Dr. Benjamin Ward Richardson, examined by Mr. Serjeant Shee—I practise in London, and I am a licentiate of the Faculty of Physicians and Surgeons in Glasgow and a member of the College of Physicians in London. I have never seen a case of idiopathic or traumatic tetanus, but I have seen a considerable number of deaths by convulsions, and I have known these cases, when they have ended in death, sometimes assume tetaniform appearances without being, strictly speaking, tetanus. The patient, if conscious, generally desires to sit up. I have known persons to die from a disease called angina pectoris. The symptoms of the disease, when it is fatal, resemble closely the symptoms of the paroxysms in which Mr. Cook died. It is classed amongst the convulsive or spasmodic diseases, and has no distinctive feature in post-mortem examination.
B. W. Richardson
Will you state what symptoms you particularly refer to?—I could not do better than describe a case which I myself saw. A child, ten years of age, was under my care in November, 1850. I supposed she had suffered from scarlet fever. She had a slight feverish attack. She recovered so far that my visits ceased on 20th November. I left her merry in the morning, and at half-past ten I was called to see her dying. She was supported upright at her own request. The face was pale; the whole of the face and arms rigid, the fingers clenched, the respiratory muscles completely fixed and rigid, and, with all, complained of an intense agony and restlessness such as I had never witnessed. There was perfect consciousness. The child knew me, and explained her intense agony; eagerly took from my hands some brandy and water from a spoon. I then left to get some chloroform for the purpose of producing relaxation by chloroform vapour. On returning, I found the head was thrown back. I could detect no respiration. The eyes remained fixed open, and the body just resembling a fit. She was dead. I did not observe whether the rigor-mortis came on at its usual time or later. I made a post-mortem examination the following day. Unfortunately I left the body in the arms of the sister, and, of course, it was laid out afterwards. At the post-mortem examination I observed that the brain was slightly congested; a portion of the upper part of the spinal cord seemed normal and healthy, the lungs were collapsed, the heart was in such a state of firm spasms and so empty that I remarked it might have been rinsed out, it was so perfectly clean and free from blood. There were no appearances of functional disturbances except a slight effusion of serum in one pleural cavity, I believe the right side. The other part of the spinal cord was in a normal state. They told me the child was unusually well and merry at supper; that she then went to bed with her sister, and in lying down suddenly jumped up and said, “I am going to die,” and begged her sister to rub her.

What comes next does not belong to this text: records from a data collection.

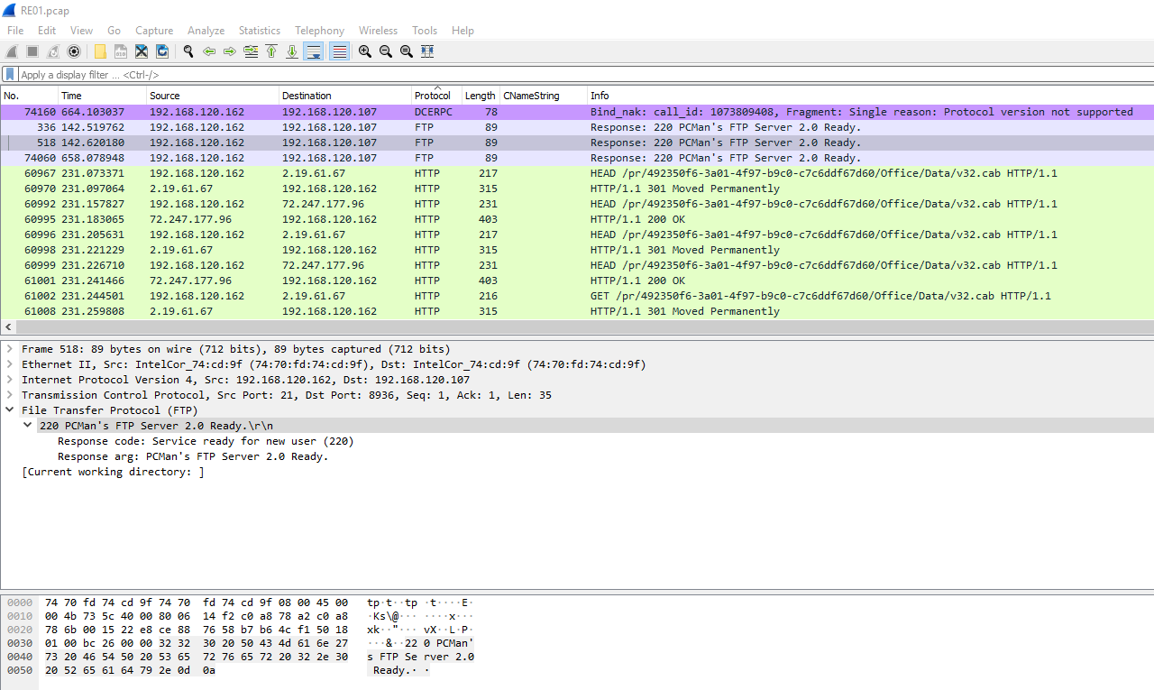 Since the goal is to find a vulnerable service, sorting by protocol seems like a logical first step. This yielded some FTP packets right at the start. Let’s dig a little deeper.
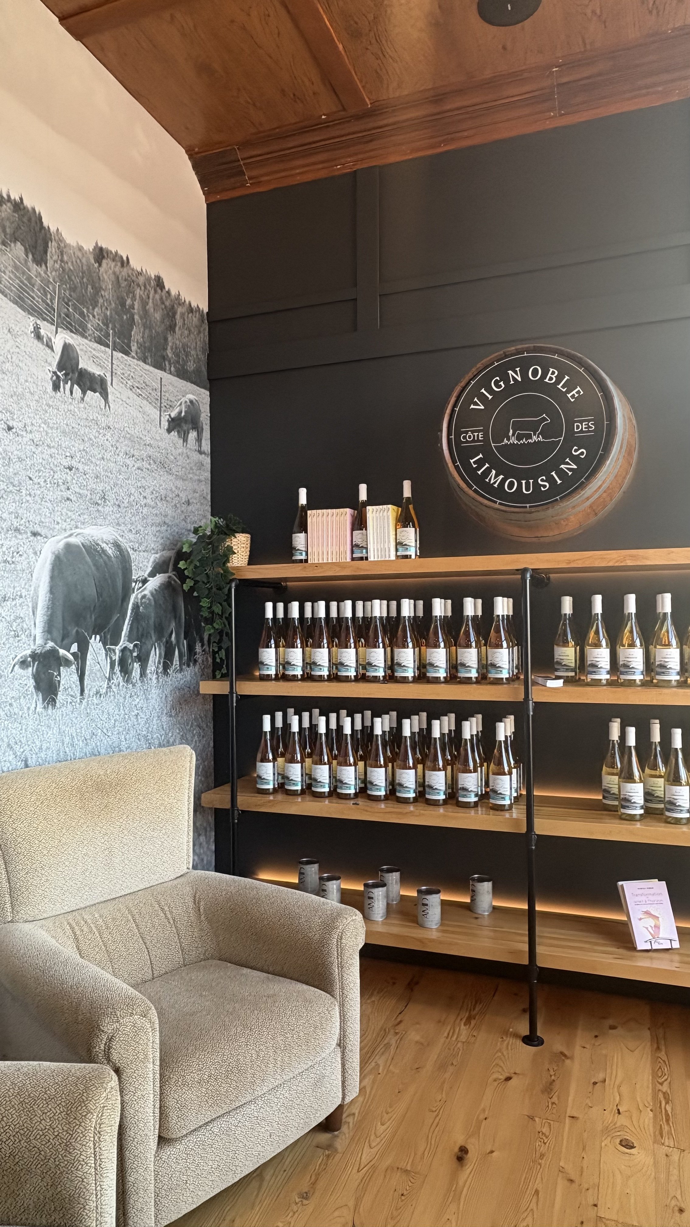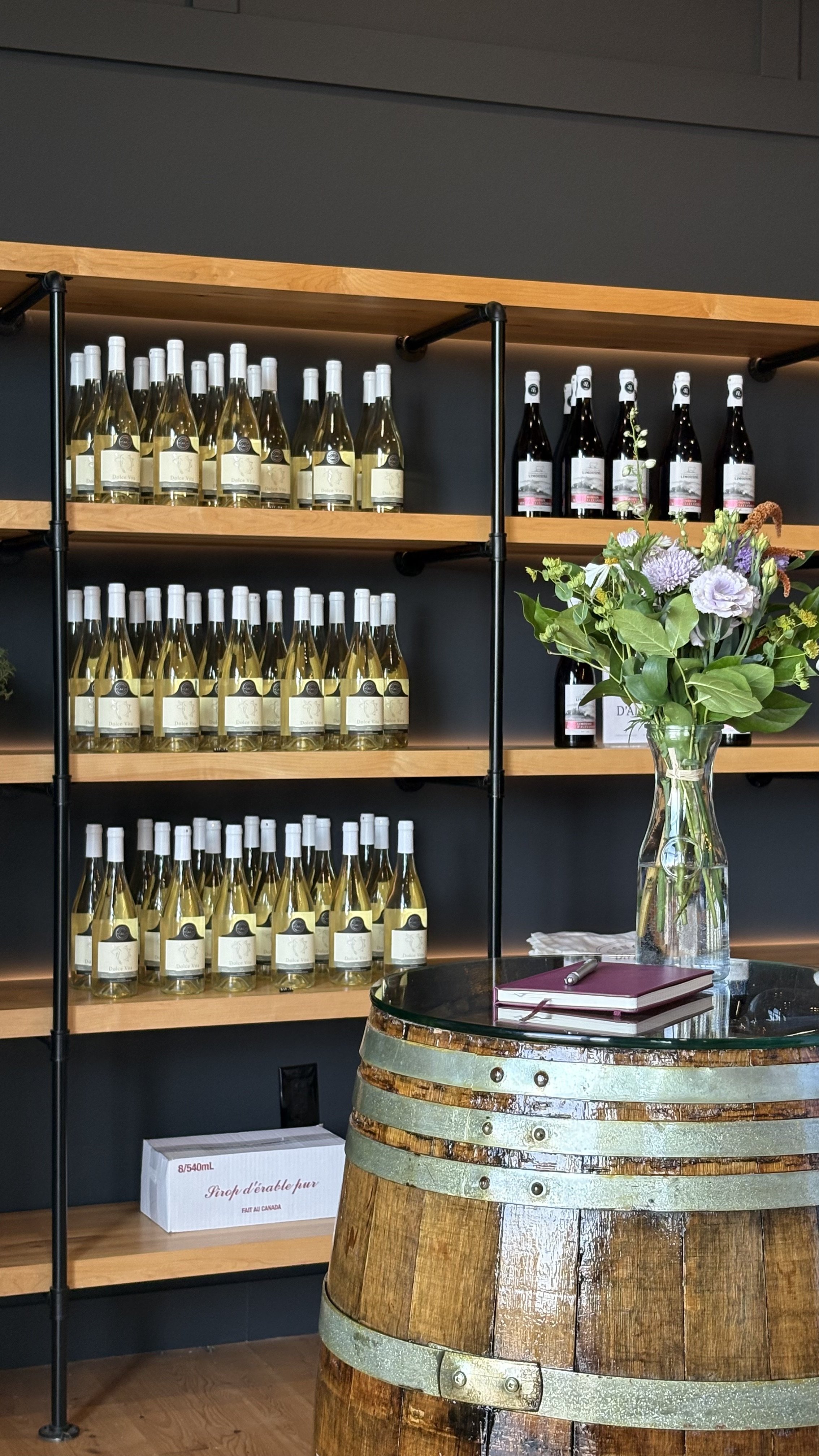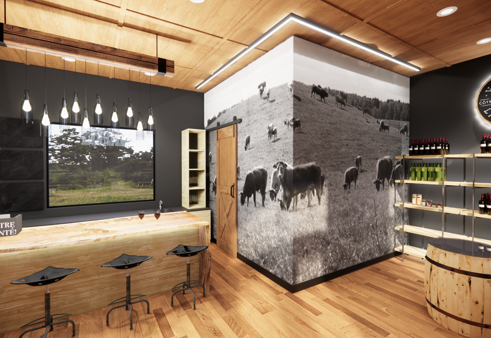Aménagement de la section boutique du vignoble, avec une emphase sur l’expérience client, la mise en valeur des produits et l’adaptabilité de l’espace selon différents événements.
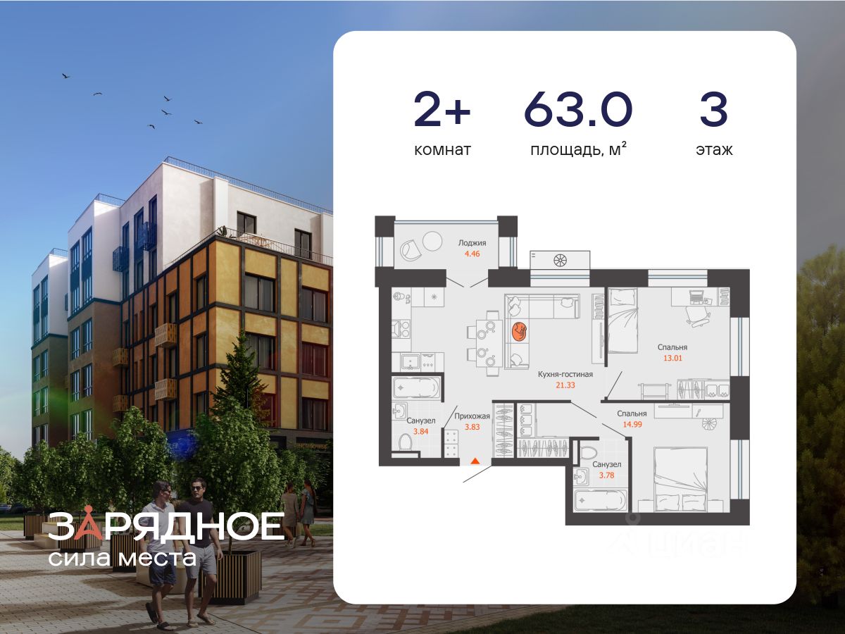 Продается 2-комнатная квартира, корпус 4/1, площадь 63.00 кв. Квартира находится в жилом комплексе комфорт-класса "Зарядное" (ГК "Железно").
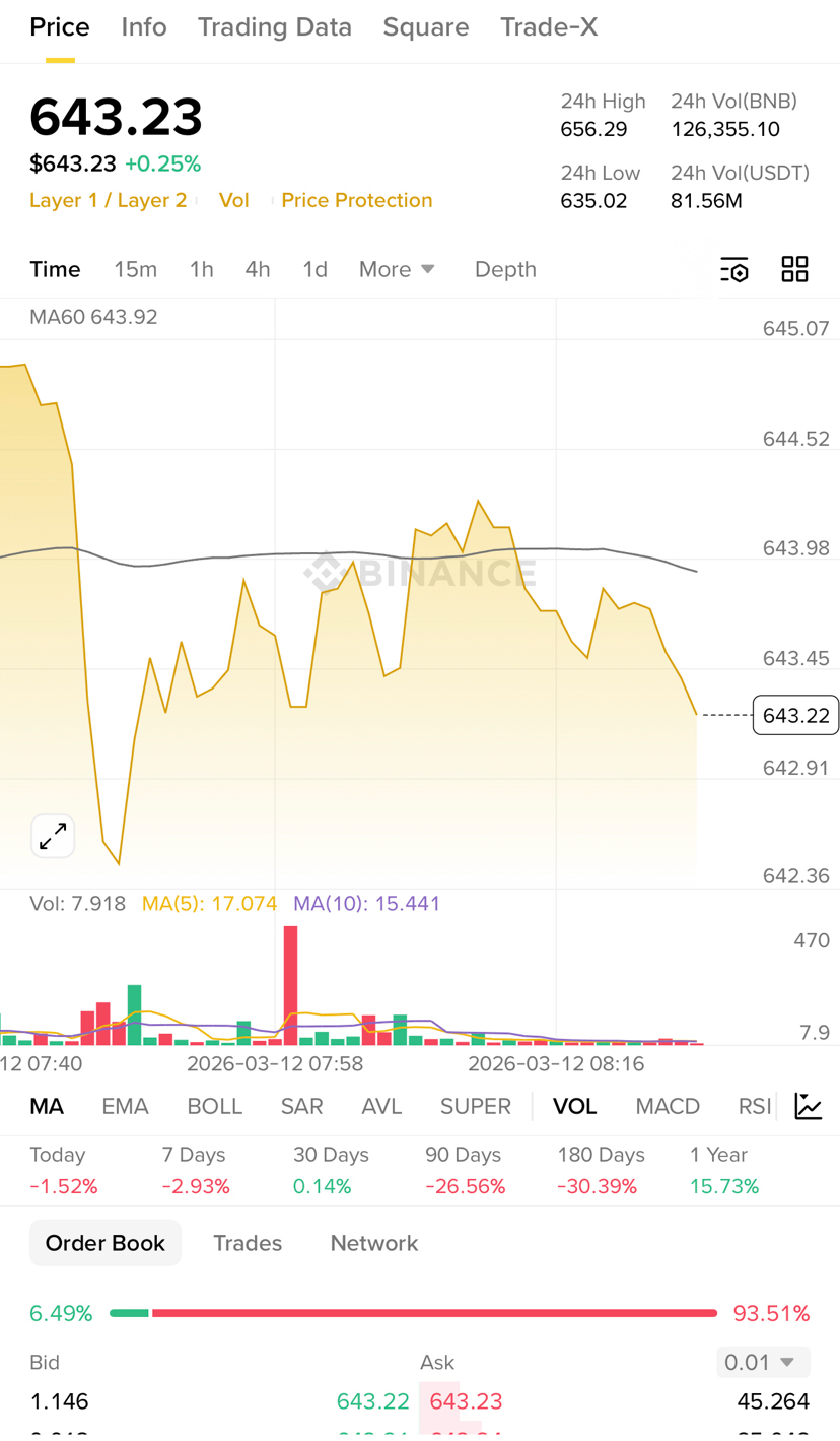 $BNB is currently trading around $643 against Tether, showing short-term consolidation after a recent pullback. The price briefly dipped near the $635 support zone and attempted a recovery, but momentum remains cautious as the market trades slightly below the short-term moving average. Volume activity suggests that traders are waiting for a clearer direction before committing to large positions. The $640 area is acting as an immediate support, while resistance is forming around $650–$656, which was the recent 24-hour high.
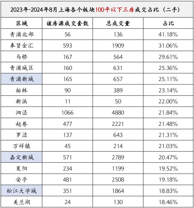 青浦北部最高,2023 年至 2024 年 8 月,100 平下小三房的成交比例高达 41.18%
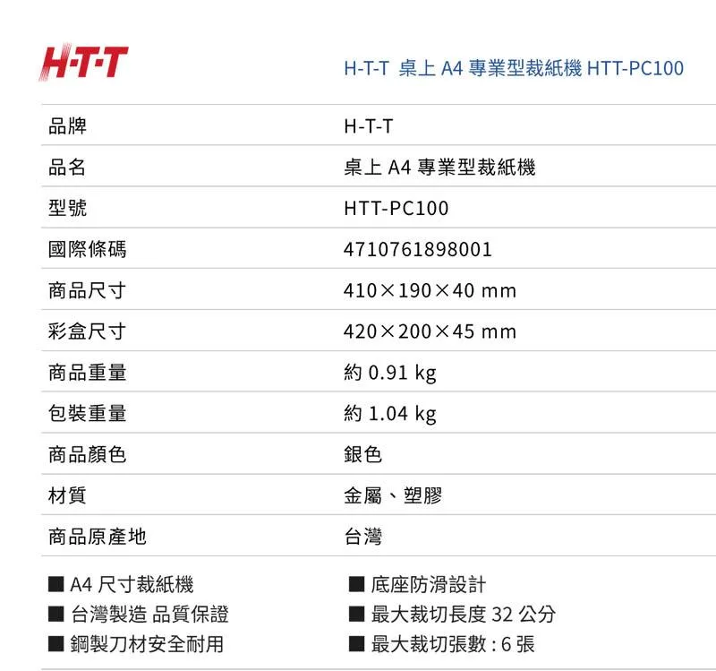 【HTT】桌上 A4 專業型 裁紙機 /台 HTT-PC100

Cross-examined by the Attorney-General—This case accords with all the descriptions of angina pectoris by the best authors—Latham, Watson, Boyeau, Pratt, and Sir Everett Holme.
What is the true nature and cause of angina pectoris?—It has been laid down as disease of the valves of the heart. There have been many cases in which there has been no discovered cause.
Are the symptoms of angina pectoris not those that would be produced by taking strychnia?—Not exactly. In angina pectoris the patient requests to be rubbed to give relief.
Did you hear the Leeds case?—Assuming that that was a case of strychnia, I must say that the two forms are so strictly analogous that there would be great difficulty in detecting angina from strychnia, with this difference, that angina is paroxysmal, it comes and goes, and strychnia would not be so likely to do that. You would not expect it for many months.
B. W. Richardson
But in this case you are speaking as if it ended in the first paroxysm?—Yes.
How then can you be justified, in cases where you discover no abnormal conditions of the heart or its arteries, in setting down the death to angina?—Precisely as if I saw the symptoms of epilepsy I should accept them as such.